Monday, January 10, 2005
Rescission Statute. An insured brought an action against its insurer, challenging the latter's rescission of her disability insurance policy within the six-year limitations period. The District Court dismissed the case based on a provision that provided that an insured could only bring an acton within three years on legal challenged to denied proofs of claim. The Second Circuit held that this provision had no applicability in this case. Terry v. Unum Life Insurance Co. can be found here.
Friday, January 07, 2005
Habitual residence. When one parent kidnaps a child from one country to another, the non-kidnapping party can get the child back to the child's "habitual residence" to decide all child custody issues by invoking the Hague Convention on the Civil Aspects of International Child Abduction, providing the relevant countries are parties to the treaty. In order to invoke the treaty, it must be shown the location of the habitual residence of the child. This term is not decided in the treaty, and in Gitter v. Gitter, the Second Circuit provided the factors that must be considered in making such a decision. First, the intent of the parents must be considered. However, that is not dispositive. The Court must also look to evidence that unequivocally points to the child having acclimatized to another country. The District Court had decided that the United States, not Israel was the habitual residence of the child based on the first factor, but did not consider the second factor. Based on that, the Second Circuit remanded the case for reconsideration by the District Court. The decision can be found here.

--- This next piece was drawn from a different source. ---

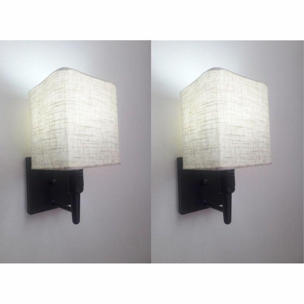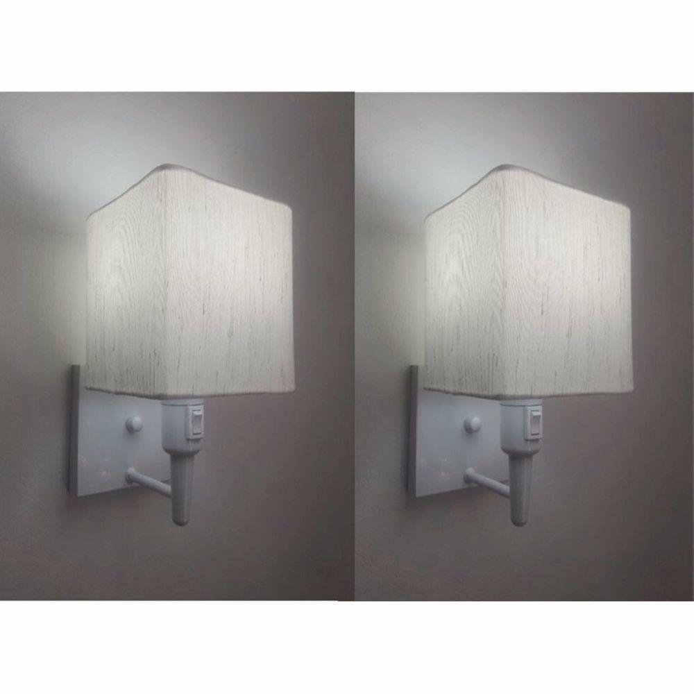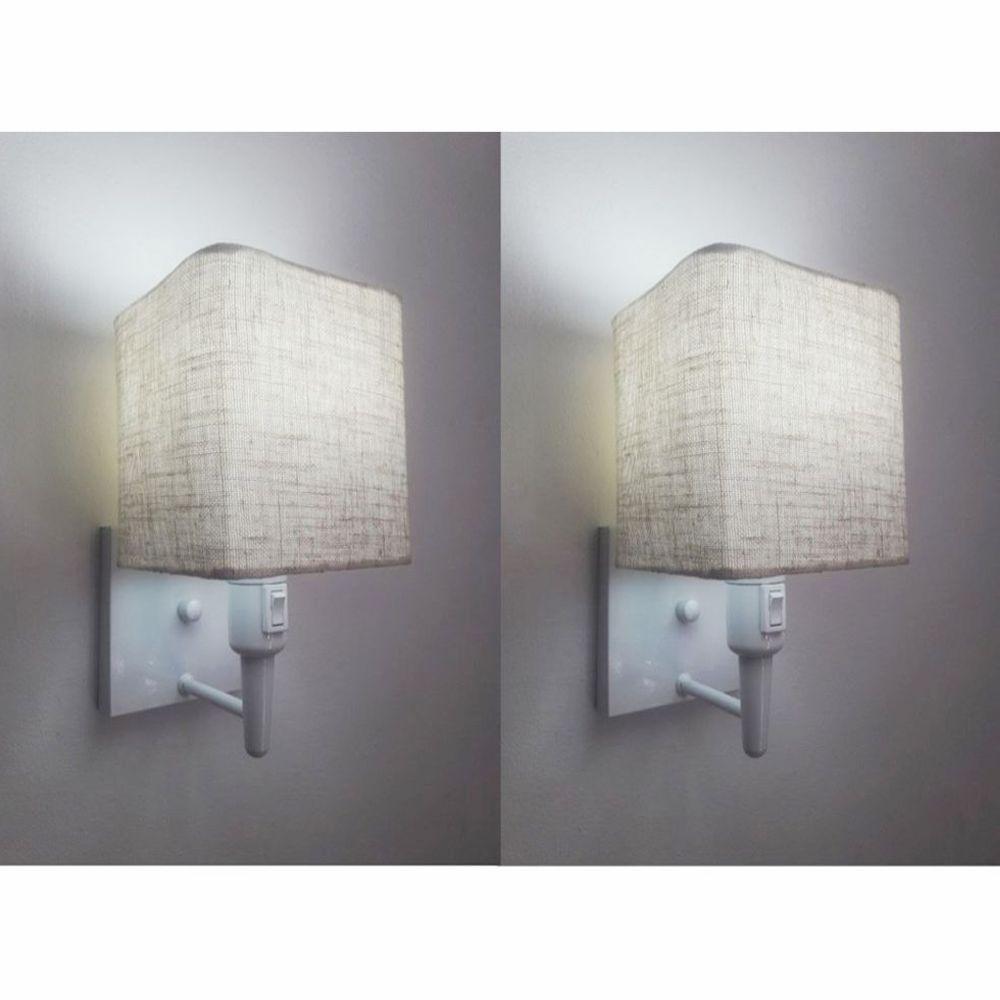 Kit-2 Arandela Quadrada Md-2019 Branco C- Inter Liga E Desl Cúpula Em Tecido Linho Bege - Bivolt

Thursday, January 06, 2005
Tuesday, January 04, 2005
Crawford Not retroactive. The New York Law Journal has written an article on the retoractivity of the Crawford case. The article can be found here (and I don't think you have to be a subscriber).
New blog. Check out John Derrick's new blog on appellate practice, On Appeal. You can find it here. Enjoy it!

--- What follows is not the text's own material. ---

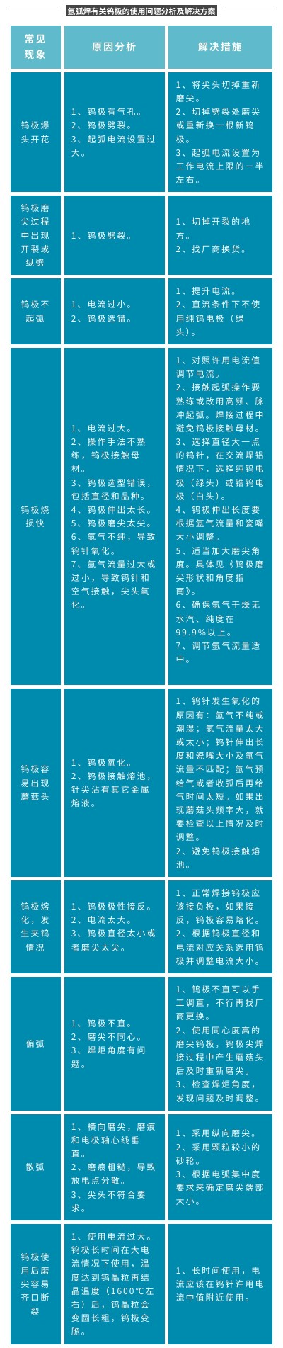 在氩弧焊过程中,经常有一些诸如电流调节、氩气保护、磨尖不当、操作不熟的等等问题最后都会表现在钨极上面,所以很多焊接从业人员认为这些问题的发生都和钨极有关,实际上大多数表现在钨极上面的问题,并不是钨极本身的问题造成的。我们将这些问题的解决方案分享出来,希望能帮助到大家。

UPDATE: I see that it is actually an update of the Appellate Law and Practice blog that has been listed for a few months on my bloglist and has moved off of blogspot. I'll make the change on my bloglist. You can still enjoy it.
UPDATE: I see that it is actually an update of the Appellate Law and Practice blog that has been listed for a few months on my bloglist and has moved off of blogspot. I'll make the change on my bloglist. You can still enjoy it.
Monday, January 03, 2005
Breach of Duty of Good Faith and Fair Dealing -- Not enough. Sterling National Bank breached its duty of good faith and fair dealing to National Market Share, Inc. by failing to honor approximately $800,000 in payroll checks. However, it was National Market's Share's faithless principal who had caused the company to go out of business. Hence, the bank was only ordered to pay nominal damages of $1. The Second Circuit affirmed. The decision in National Market Share, Inc. v. Sterling National Bank can be found here.
Friday, December 31, 2004
Forfeiture. Barbara Pacheco purchased certain real property that the government was trying to forfeit from a criminal defendant. Pacheco knew about this in that a notice of pendency was filed long before she bought it. However, because the criminal defendant's wife had an interest in the property, Pacheco's purchase may be valid as to her purchase of the wife's interest -- or, at least, the Second Circuit, on its appeal from a motion to dismiss, did not find otherwise. The decision in United States v. Serendensky can be found here.